I have seen it with my own eyes, I have watched as a “friend” faked it so badly that she lost herself, and in doing so, she lost us. She gambled on the wrong bet and we all came off worse for it. We lost who we were really in love with as a friend. As she changed, we changed, we could see that she was no longer the beautiful, funny, courageous and clever woman that she was. But, more self centred and doing what she could, to hold onto a man by faking it. Needless to say she ended up as another number in my every growing body count.
The final piece to this puzzle is the “makers”, they are the ones that will fight tooth and nail to make it, in life, in relationships, in any game. They want so badly for it to pan out in the right way, that they will sacrifice everything to try. Usually they win, and at times they come off badly. They loose sight of themselves and what they are about in a bid to be someones everything. But their sense of determination is limitless, they will get there, or die trying. I am one of those people, if i set my mind to something, then there is no way that I will give up until I make it happen.
Although, sometimes I get it wrong, I gave up trying to make it with Champagne Charlie, as we all know, I put in everything and still didn’t get it right. Or so I thought, it wasn’t me that didn’t get it right, it was him who was so blinded that he couldn’t see what was in front of his face. Looking back on it now, I am glad he didn’t see me. I think I would be in a very different place now, emotionally and physically if he had stayed, and I probably would have lost a few people around me that I never want to be without.
I think what I am trying to say is, know what it is that you want from a relationship, any relationship. Know who you are before you go giving everything, to someone who is not worth it and if it starts to look like it is becoming toxic for you, then try to address your concerns. If the person is not prepared to listen and understand your feelings then, don’t stay in a bid to try and make it, because, it can’t, it won’t, and no matter how hard you fight, it just wont cut it.

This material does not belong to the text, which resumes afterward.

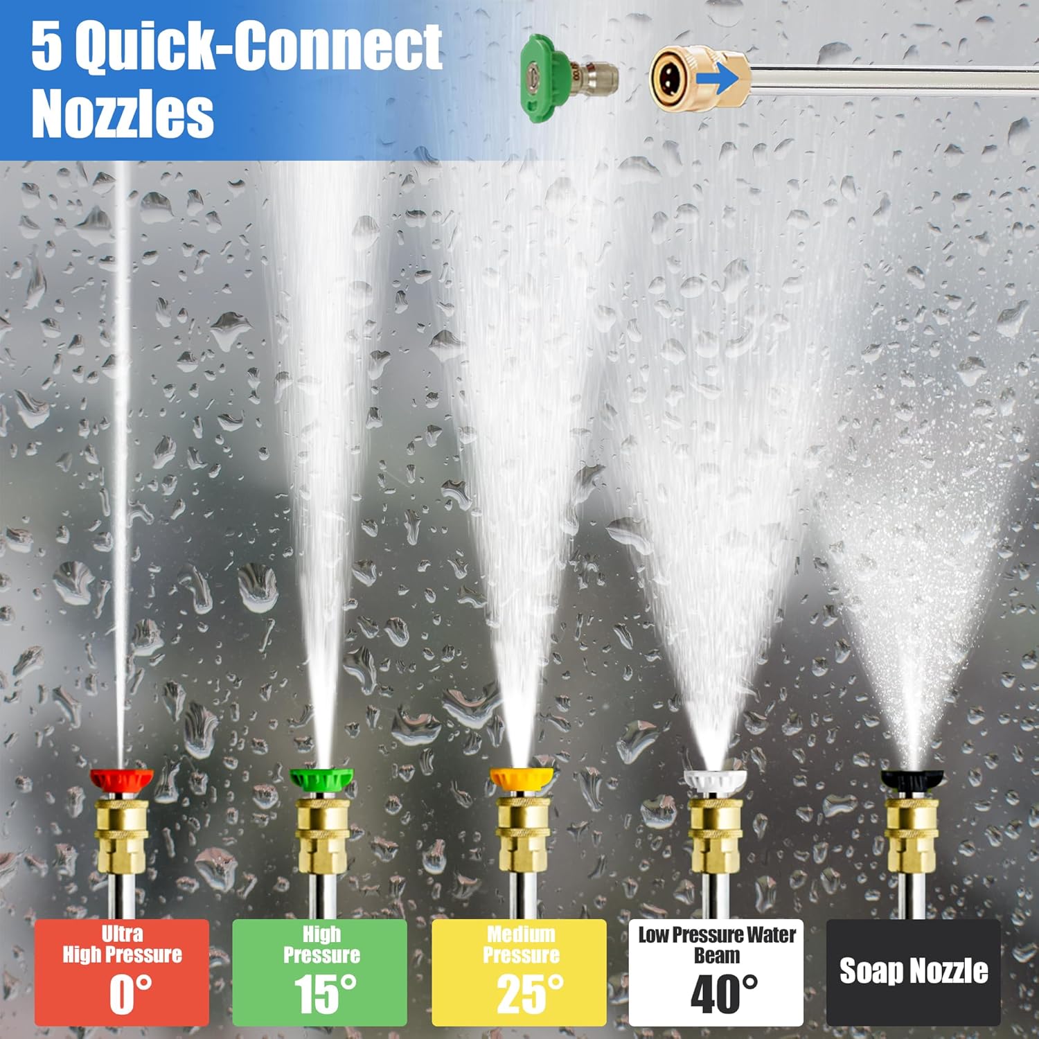 - ๐๐๐ซ๐ฌ๐๐ญ๐ข๐ฅ๐ ๐๐ฅ๐๐๐ง๐ข๐ง๐ ๐๐จ๐ฅ๐ฎ๐ญ๐ข๐จ๐ง๐ฌ โ This gas power washer includes 5 quick-connect nozzles (0ยฐ, 15ยฐ, 25ยฐ, 40ยฐ, soap) to tackle any task. Switch from precision stripping to gentle rinsing in secondsโideal for patios, grills, fences, vehicles, or pre-paint prep. Conquers grease, mildew, and debris with unmatched speed.

This world turns with all these types of people in it, hearts get broken, minds and souls get used and people fall along the way. But, the most important thing is to take care of yourself, because if you don’t achieve that, then you can’t take on others and understand fully what they are bringing or taking from your life. We are only here for a short while, we want it to be the best it can be, so surround yourself with people who push you, challenge you and love you in ways that make you want to be a better person. Because, they are the “givers” in this world, they give you hope, hope that life is good and that you need to be just where you are right now.